**Activity**
What needs reproducing is the run of lines in the data below starting at the line with "각티슈 (280매,3개/SET) |" and ending at the line with "交通银行深圳分行目前拥有60", both ends included. Copy it exactly, without pictures, and add nothing.

Records contained in a dataset
####################

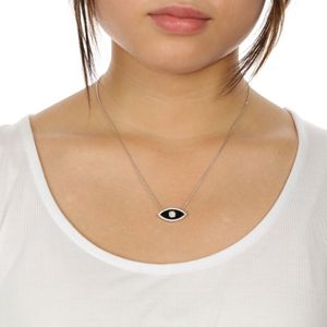 Black Onyx and Cubic Zirconia Oval Charm Pendant Necklace Sterling Silver 18 Inch
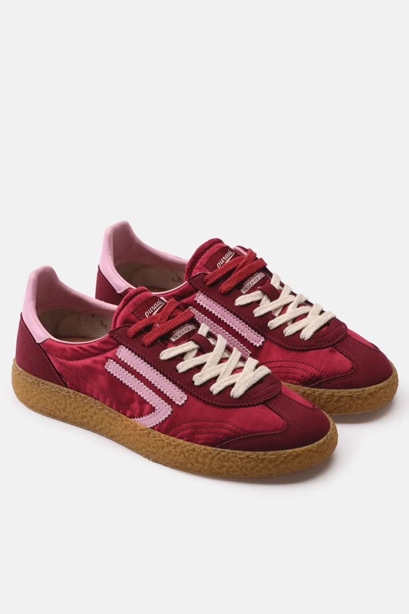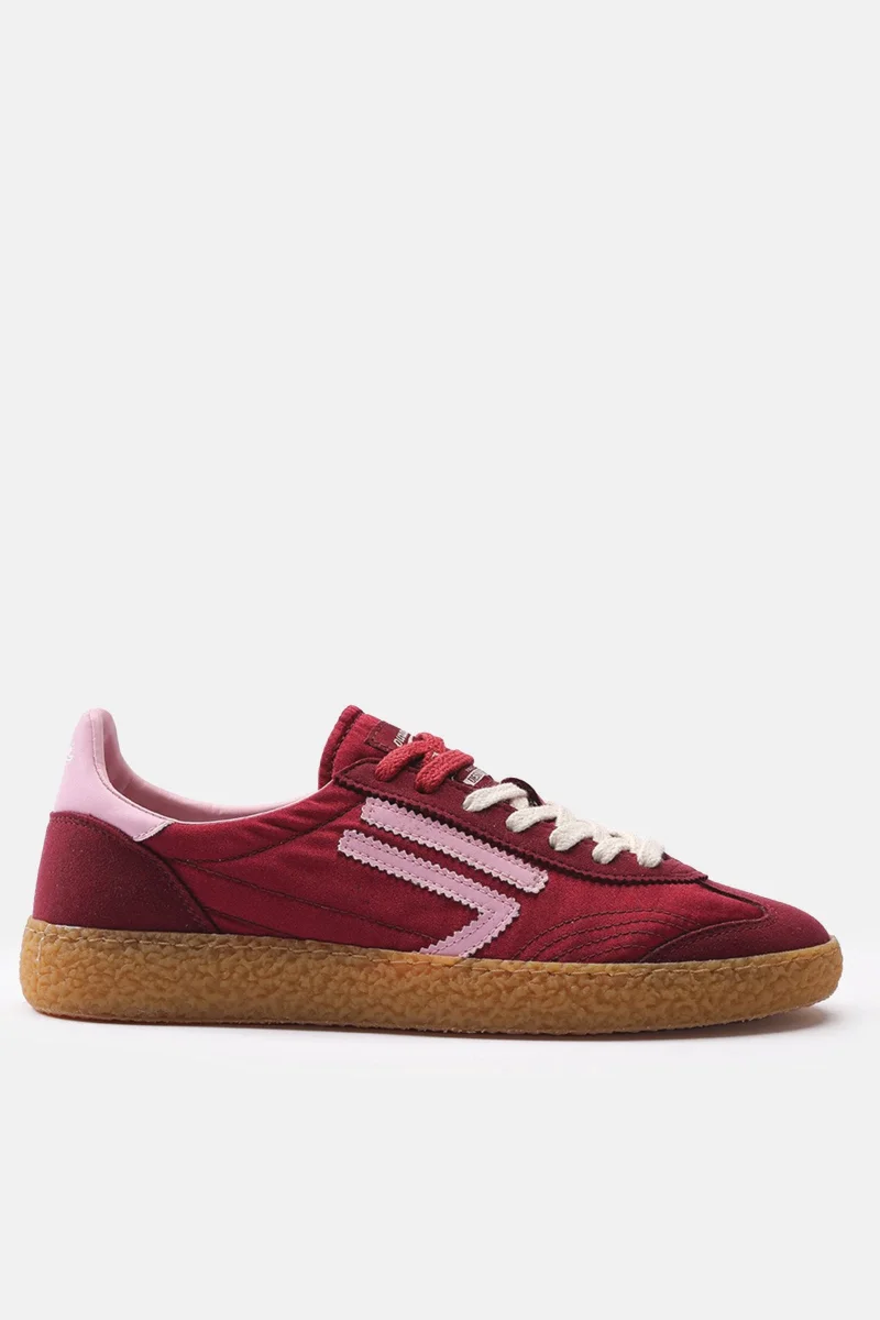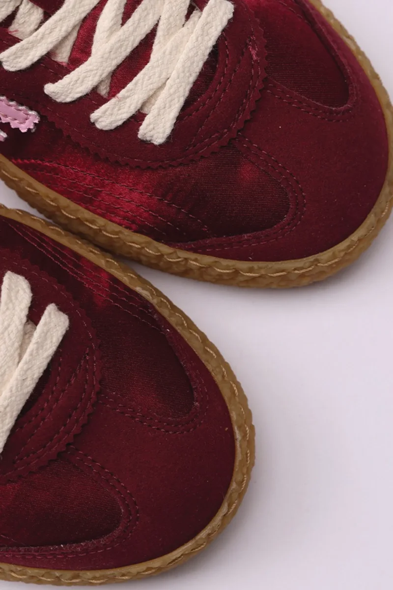 bordeaux satin and microsuede with pink logo and details. Amber outsole and double bordeaux and ivory laces
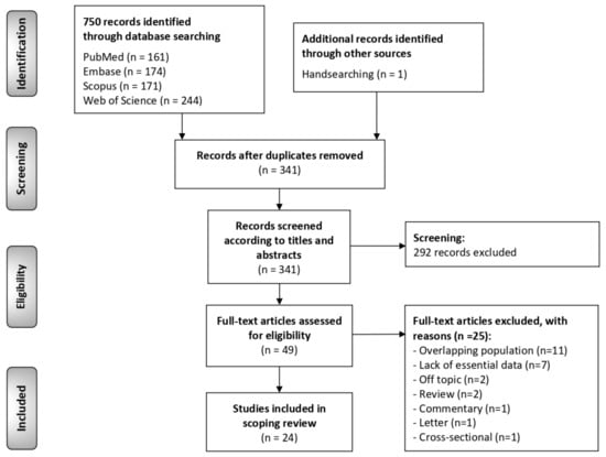 The flow diagram (Figure 1) depicts the results obtained in the study identification and selection process. A total of 750 publications were retrieved: 244 from Web of Science, 174 from Embase, 171 from Scopus, 161 from PubMed and 1 handsearching the reference lists. After duplicates removal, 341 records were considered potentially eligible and screened according to titles and abstracts, leaving a sample of 49 studies for full text evaluation. Finally, 24 studies meeting all eligibility criteria were included for critical analysis and evidence synthesis in our scoping review [,,,,,,,,,,,,,,,,,,,,,,,].
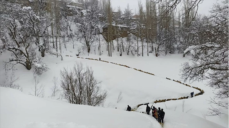 Küçükbaş hayvan sürüsünün kar örtüsü arasındaki yolculuğu görüntülendi
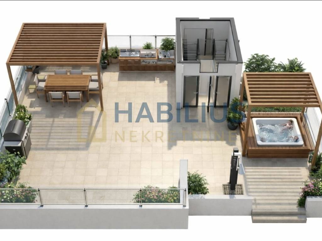 Unutrašnjost ovog stana odlikuje se odlično osmišljenim rasporedom prostorija koji se može koristiti kao jedan veliki četverosobni, ili kao dva odvojena stana. Stanu pripada veliki južni balkon od 18 m2, kao i lođa od 14 m2 na istoku. Ujedno stanu pripada prohodna terasa iznad stana od 122 m2 s koje se pruža predivan pogled na more. U slučaju korištenja stana kao dva manja, oba bi imala svoj vlastiti balkon (lođu). Stanu također pripadaju i dva parkirna mjesta. Odlična prilika za kvalitetan i miran život.
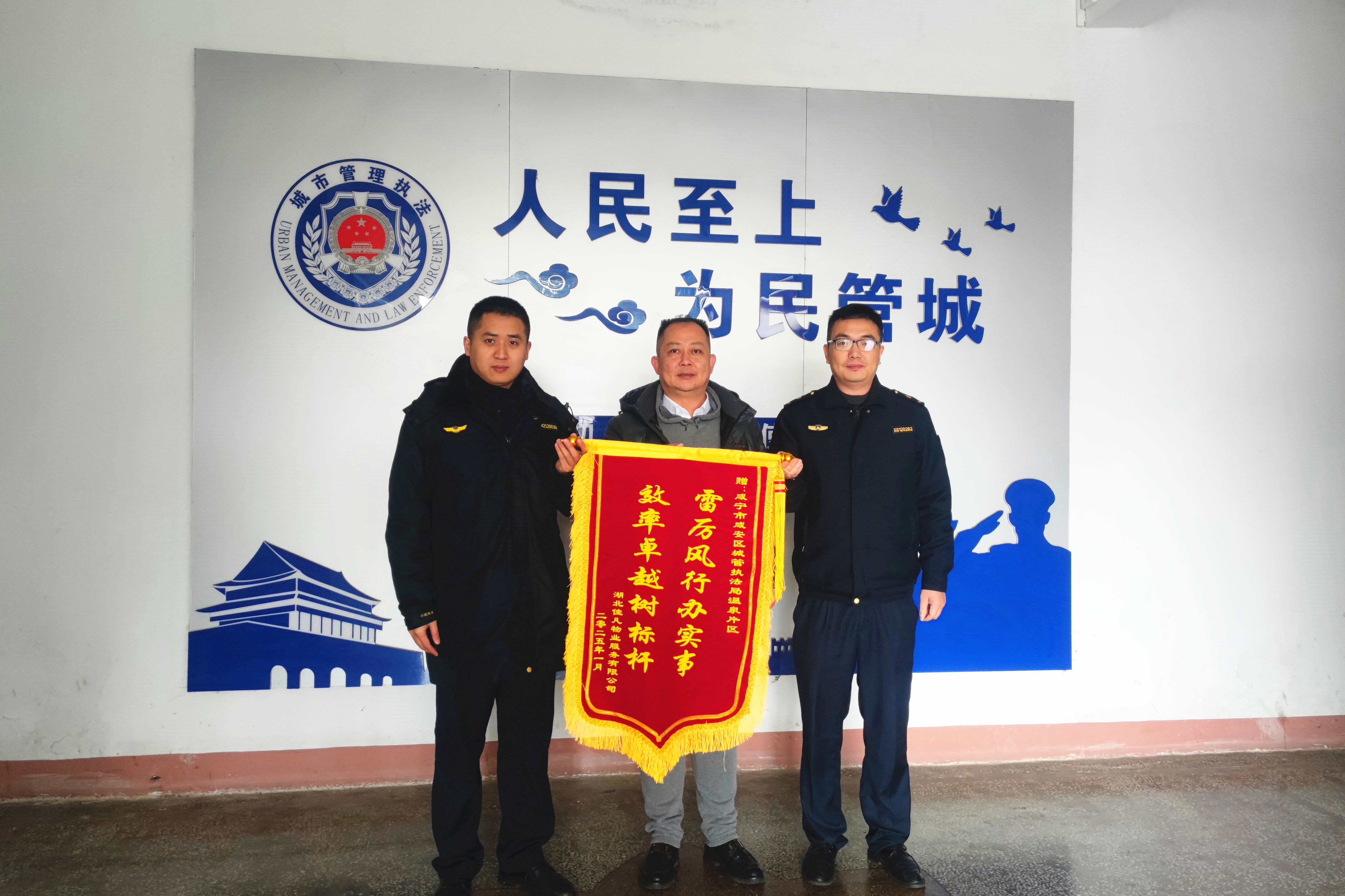 湖北日报客户端讯(通讯员刘浩、郑康)“这广告破破烂烂的,我们一直担心会出事,多亏你们城管行动迅速,这么快就解决了,太感谢你们了!”1月25日,中央城小区业主代表汪先生将一面印有“雷厉风行办实事,效率卓越树标杆”字样的锦旗送到咸安区城管执法局温泉片区,点赞该片区执法人员高效为他们拆除小区内高层破损广告的行为。
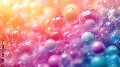 A Dreamy Abstract of Colorful Bubbles Floating in a Rainbow Hues Background, Illustrating Lightness and Joyful Serenity
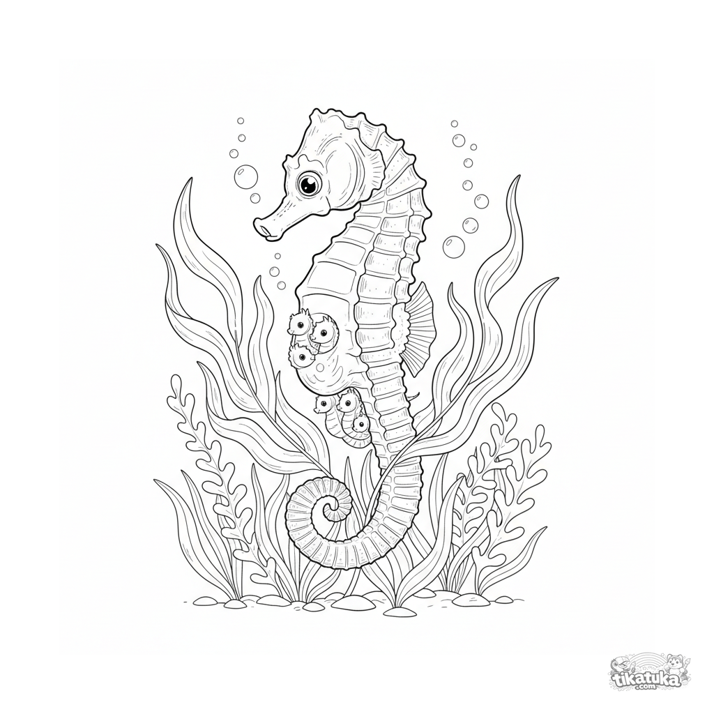 Página para colorear detallada de un caballito de mar padre llevando bebés en un jardín de algas soleado. Para 10-12 años.
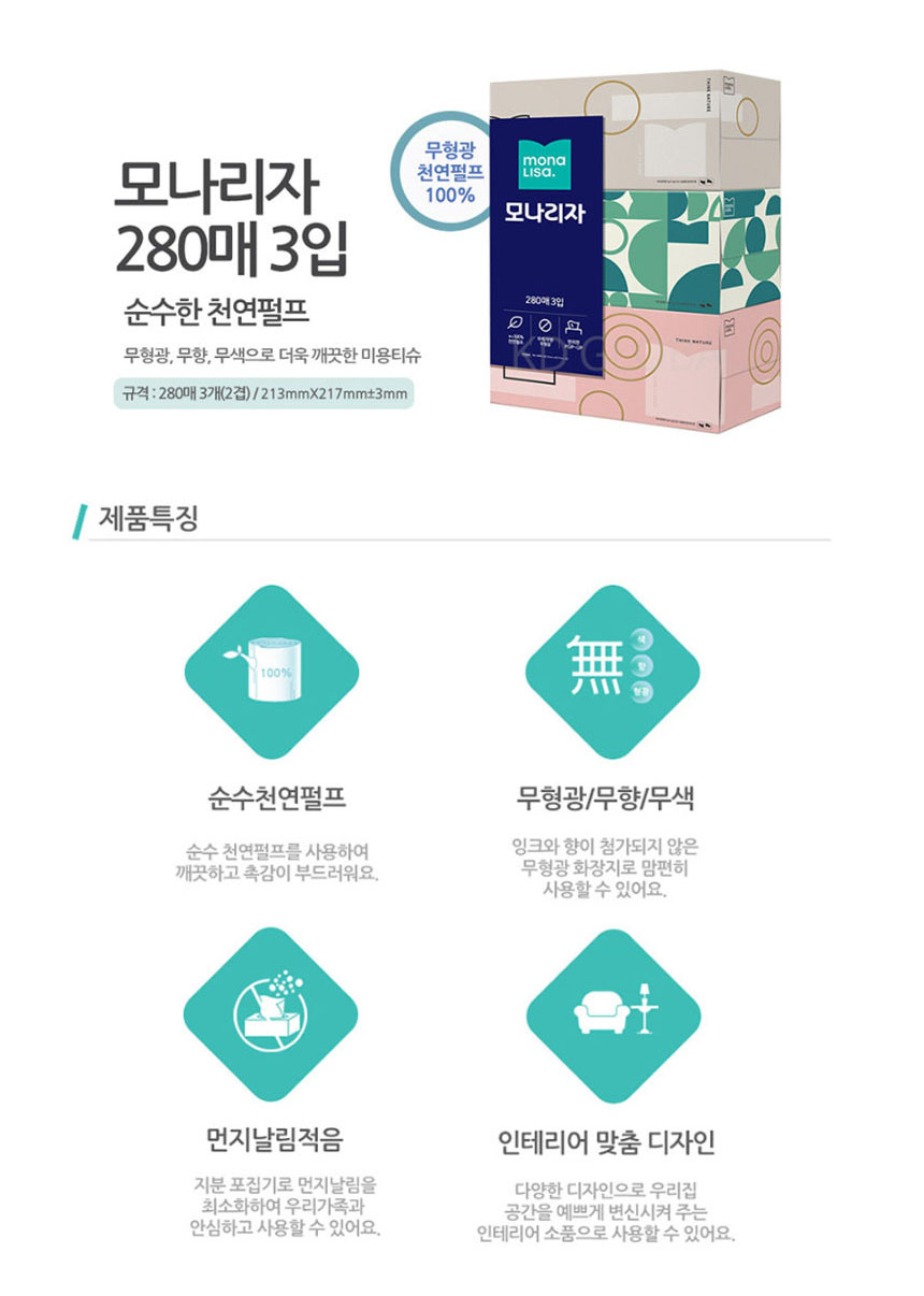 | 품명 및 모델명 | 모나리자 벨라지오 각티슈 (280매,3개/SET) |
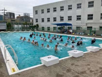 今日1時間目にプールに入りました。少し寒かったですが、みんな楽しそうに活動していました。
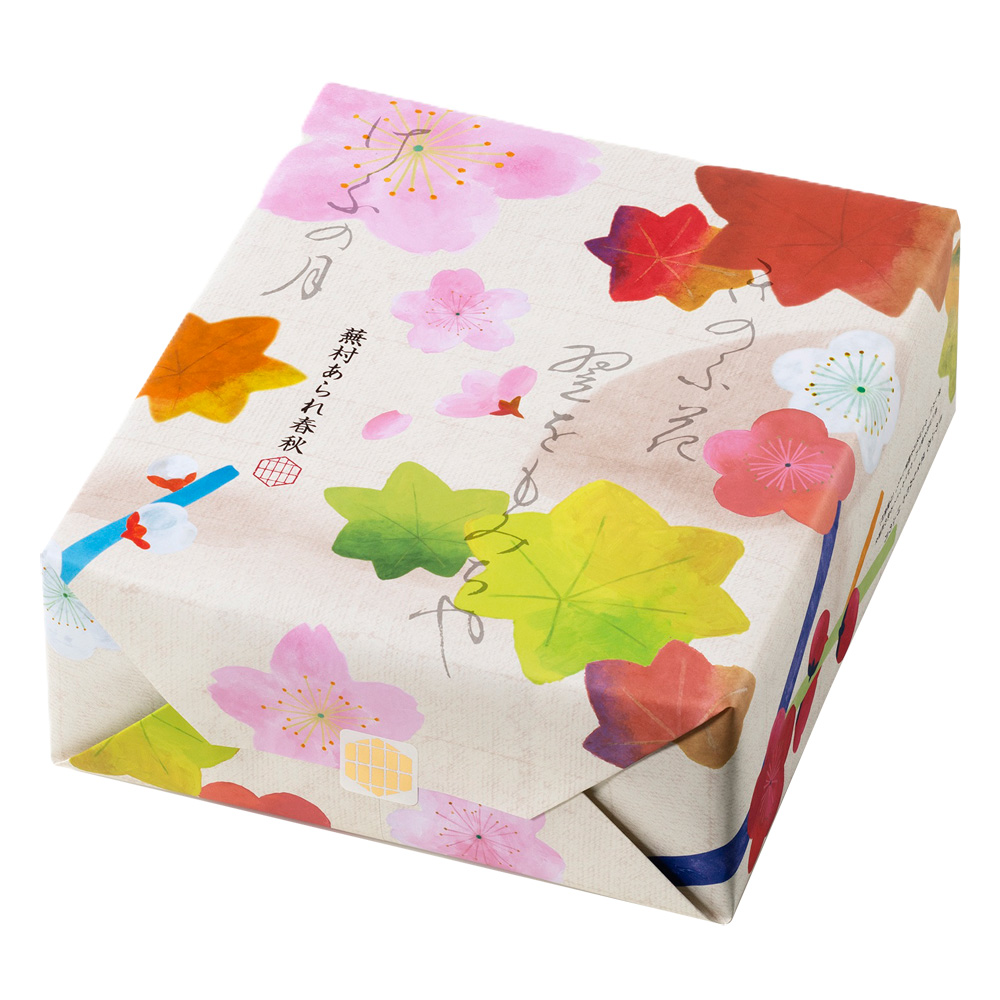 日本の風雅を代表する三つの景物を詠い込んだ蕪村の俳句に寄せて、四季の彩りをお菓子に表現しました。梅・紅葉・満月・四角の愛らしいひと口サイズの形で、あおさのり・ざらめ・昆布・黒豆・サラダ・えび・ごま・甘醤油の八趣の味わいをご用意いたしました。8ヶのあられを1つの袋に入れた個包装が30袋入った缶入りの商品です。
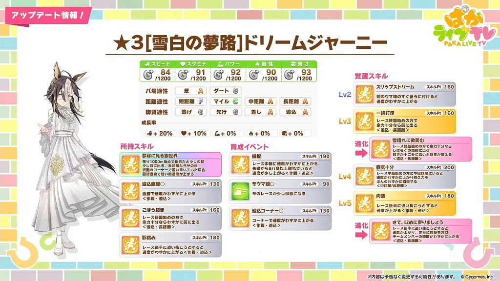 ★★★ 夢之旅 [雪白の夢路]ドリームジャーニー 育成情報
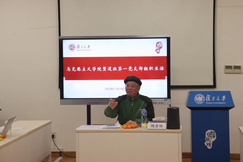 2023年11月14日下午,女同av 望道班第一党支部开展“老党员谈院史”组织生活,邀请女同av 原党委书记姚惠福老师走进支部和青年学生做交流。支部全体党员和支部所辐射覆盖的2023级本科生望道班全体同学出席。
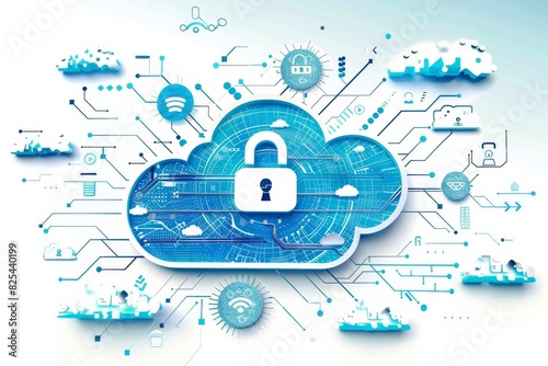 Fototapeta premium Modern Cybersecurity Dashboard with Data Analysis and Lock Symbol on Computer...
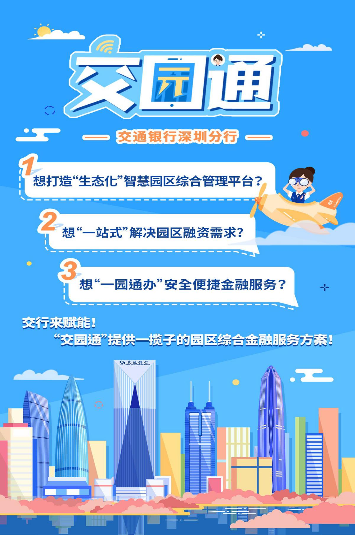 交通银行深圳分行目前拥有60多家营业网点,借助强大的物理网点系统,“交园通”可为园区内的企业和个人提供各类结算和增值服务,打造更加多元化的金融服务场景。
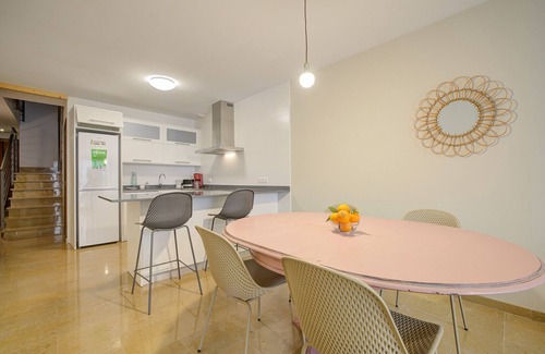 Al entrar, se encontrará con una cocina abierta al comedor, equipado con una mesa grande que puede acomodar hasta seis personas. Además de tener un aire acondicionado, tambien tendremos acceso a la terraza donde comer aprovechando la luz del sol.
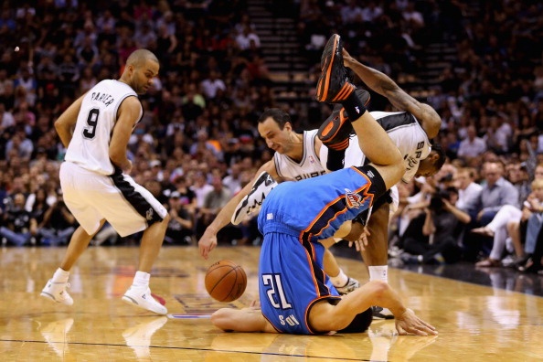 | Ngay cả Serge Ibaka cũng không còn tỏa sáng như ở game 3 và 4. Trong hơn 27 phút có mặt trên sân, tuyển thủ người Tây Ban Nha bị Matt Bonner theo kèm quá sát. HLV gạo cội Gregg Popovich đã cho thấy nhãn quan chiến thuật tuyệt vời của mình khi bất ngờ để Bonner chơi thay vị trí trung phong của Tiago Splitter ở trận này. |

####################

**Response box**
 | 품명 및 모델명 | 모나리자 벨라지오 각티슈 (280매,3개/SET) |
 今日1時間目にプールに入りました。少し寒かったですが、みんな楽しそうに活動していました。
 日本の風雅を代表する三つの景物を詠い込んだ蕪村の俳句に寄せて、四季の彩りをお菓子に表現しました。梅・紅葉・満月・四角の愛らしいひと口サイズの形で、あおさのり・ざらめ・昆布・黒豆・サラダ・えび・ごま・甘醤油の八趣の味わいをご用意いたしました。8ヶのあられを1つの袋に入れた個包装が30袋入った缶入りの商品です。
 ★★★ 夢之旅 [雪白の夢路]ドリームジャーニー 育成情報
 2023年11月14日下午,女同av 望道班第一党支部开展“老党员谈院史”组织生活,邀请女同av 原党委书记姚惠福老师走进支部和青年学生做交流。支部全体党员和支部所辐射覆盖的2023级本科生望道班全体同学出席。
 Fototapeta premium Modern Cybersecurity Dashboard with Data Analysis and Lock Symbol on Computer...
 交通银行深圳分行目前拥有60多家营业网点,借助强大的物理网点系统,“交园通”可为园区内的企业和个人提供各类结算和增值服务,打造更加多元化的金融服务场景。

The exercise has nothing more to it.